Occurrence of the blaCTX-M-15, blaTEM, blaOXA, and blaSHV ESBL genes in similar genetic contexts in our isolates and previous reports [11] indicates that antibiotic resistance is facilitated by either intrinsic or acquired genes found on the chromosome or mobile genetic elements (MGEs) [39]. Previous studies have highlighted the significant role of certain plasmids, such as IncF plasmids, and insertion sequence ISEc9, in enabling the widespread dissemination of genes like blaCTX-M-15, aac(6)Ib-cr, blaOXA-10 and blaTEM through vertical gene transfer processes [22]. The study isolates kp54 and kp106, harbored globally prevailing IncF plasmids replicons that have been previously reported in Enterobacteriaceae often carrying virulence genes, and their role in HGT has already been confirmed [1, 11]. The IncC plasmid replicons that were identified in water isolate kp10 are particularly important as they harbor genes conferring resistance to antibiotic classes like chloramphenicol, sulfonamide, aminoglycoside, trimethoprim and AmpC β lactamase [1]. The globally distributed plasmid IncH1B(pNDM) was identified in two isolates, namely kp5, and kp6, which have previously been reported in Morocco, the United States, and the United Kingdom [1]. The strain kp47 exhibited a plasmid repB replicon that falls under the IncFIB family. This replicon is recognized for dynamic nature and plays a crucial role in facilitating the spread of antimicrobial resistance within Klebsiella populations [40].. The presence of a wide variety of plasmid replicons carrying genetic elements associated with both resistance and virulence factors in our isolated strains is particularly noteworthy.

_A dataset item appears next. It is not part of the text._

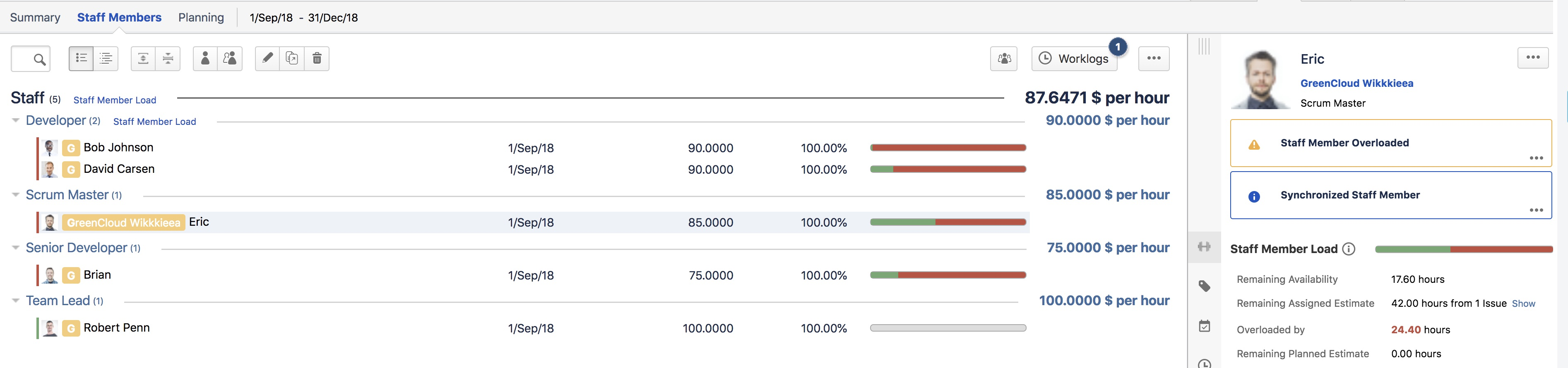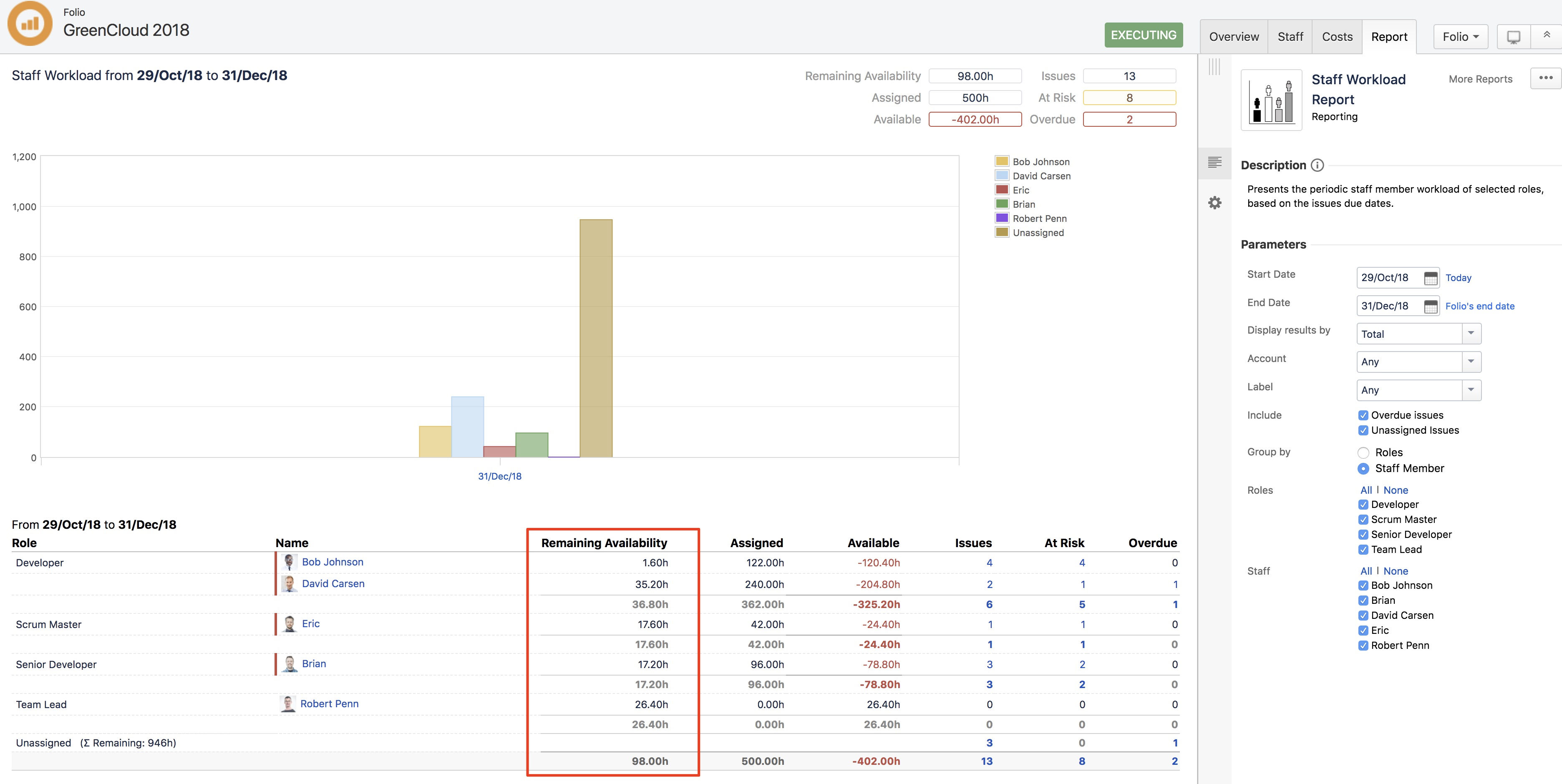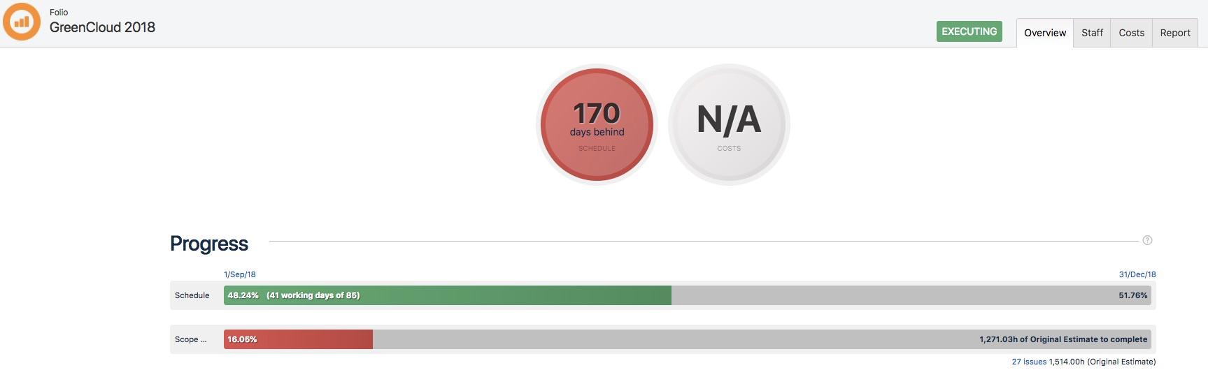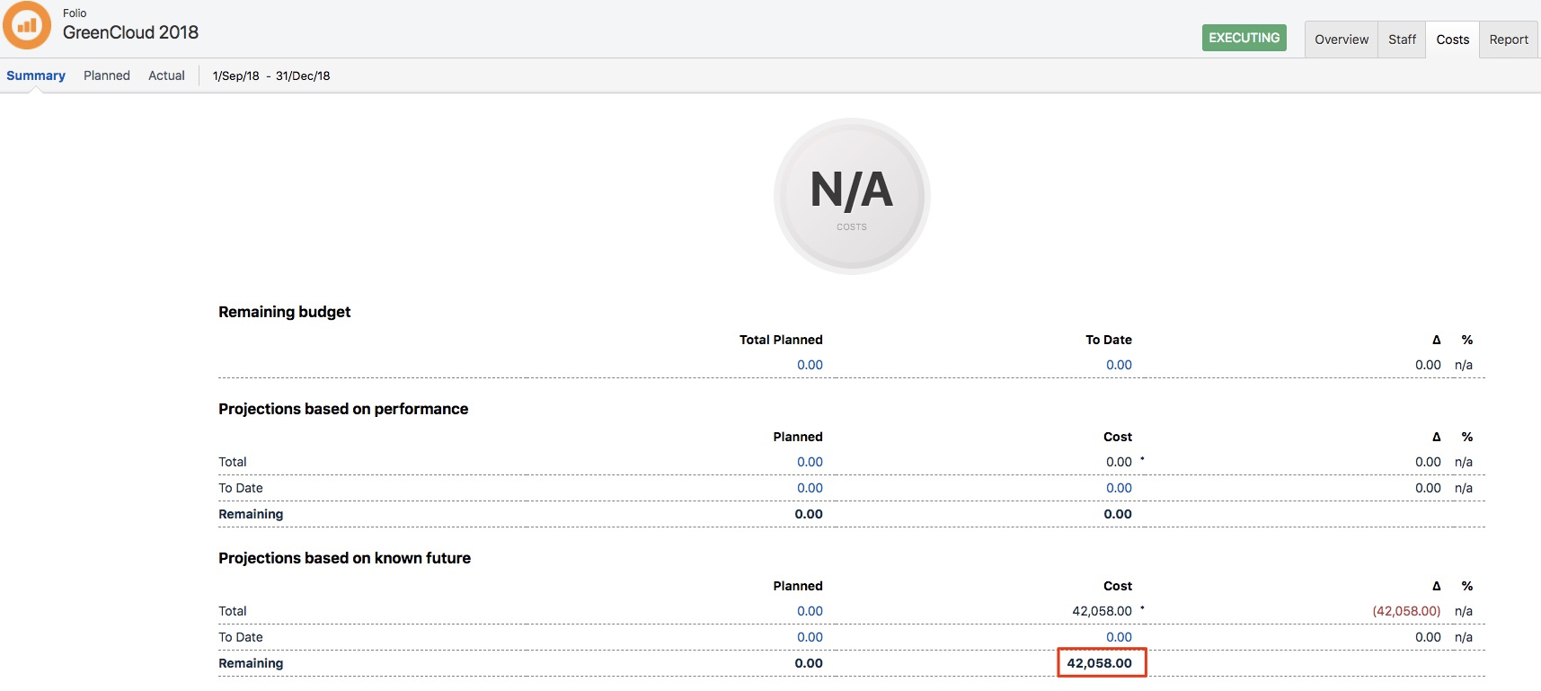 Answer | In a previous article I explained how the projections based on performance are calculated. But Tempo Budgets also predicts a cost scenario based on "known future costs". "Known future costs" are costs that will accrue when my staff is working on the scope of a Folio until the projected end date according to the commitment of the staff to the Folio. In this article I will explain this scenario in detail using a simple use case. In the example Folio GreenCloud 2018 I assigned a Tempo Team (GreenCloud Wikkkieea) to the Folio with a commitment of 10%. The team GreenCloud Wikkkieea consists of 5 team members (Bob Johnson, David Carsen, Eric, Brian and Robert Penn). When we pull up the "Staff workload report" from the report section we will the remaining availability of my staff members until the scheduled end of my project (31.12.2018). ![]() From the staff section of my Folio I see the hourly cost rate of my team members (if I have the permission to view the cost rates). ![]() Based on the remaining availabilty and the cost rates for the team members the remaining costs until the scheduled end of my project are calculated as: Remaining availability x cost rates That results in remaining costs for Bob of 144$ (1.6 hours x 90$/hour), David 3,168$, Eric 1,496$, Brian 1,290$ and Robert 2,640$, in total 8,738$. The reason why Bob´s availabilty is so little is because of his team membership ends in two days (end of October). But that´s not the whole story. Because my Folio might be ahead or behind schedule the known future costs might be different for the calculated number above. From the Folios overview page I see that my Folio is running late and I am 170 days behind schedule. ![]() The assumption is that my staff is working on the Folio with the predicted commitment. The "additional costs" would be calculated as: Team member commitment x workload x days behind schedule x cost rates x Commitment to the Folio Robert, e.g. has a commitment to the team GreenCloud Wikkkieea of 75% and a workload of 8 hours a day (according to his workload scheme). That results in an additional known cost of: 0.75 x 8 hours x 170 days x 100 $/hour x 0.1 = 10,200 $. If we repeat the same steps for the other staff members we would calculated a remaining known cost for David of 12,240$, Eric 5,780$ and Brian 10,200$, in total 33,320$. Bob does not have any remaining costs as his memberships ends before the scheduled end date. That makes a predicted known future cost of 8,738$ (until the scheduled end of the Folio) + 33,320$ (because we are behind schedule) in total 42,058$. When we switch to the costs overview page we will see exactly the calculated financial figure: ![]() Might worth a mention: ALL actual costs (labour and other expenses) and recorded future actual non-labour costs are added and included to the known future costs. |

The identified integrons in our study exhibited a wide variety of gene cassettes, with particular emphasis on aadA and dfrA gene cassettes. These specific gene cassettes have been previously reported to play a significant part in the global spread of these mobile genetic elements [11].. In our study, it was observed that all the isolated strains contained Class I integrons, which have been extensively researched and are recognized for their significant contribution to the global spread of resistance genes. This is primarily due to their association with various mobile elements, further enhancing their ability to disseminate ARGs widely [41]. In two of our study isolates, we identified Integron 310, which has been previously reported to capture arr-2 and cmIA5 in Acinetobacter baumannii strains in South and East Asia as well as Portugal [42, 43]. The presence of Class I integrons in natural environments that have undergone evolutionary recombination events is well-documented, further emphasizing their importance in the acquisition and spread of antibiotic-resistance genes [42, 43]. The presence of two integrons In498 and In718 carrying dfrA12 and catB genes, respectively, in water isolate kp10 also supports the role and spread of integrons in pathogenic bacteria. All the isolates also had composite and unit transposons particularly Tn5393 along with a wide range of insertion sequences (IS). The presence of ISEc9 in the vicinity of beta-lactamase genes suggests its potential involvement in the spread or mobilization of these resistance genes within the bacterial population. The transposons identified in our study were classified as members of the Tn3 family of replicative transposons. This group of transposons is widely distributed and known to play a significant role in the dissemination of antibiotic resistance [44]. The high diversity of transposons and insertion sequences can be attributed to the plasticity of genomes [11].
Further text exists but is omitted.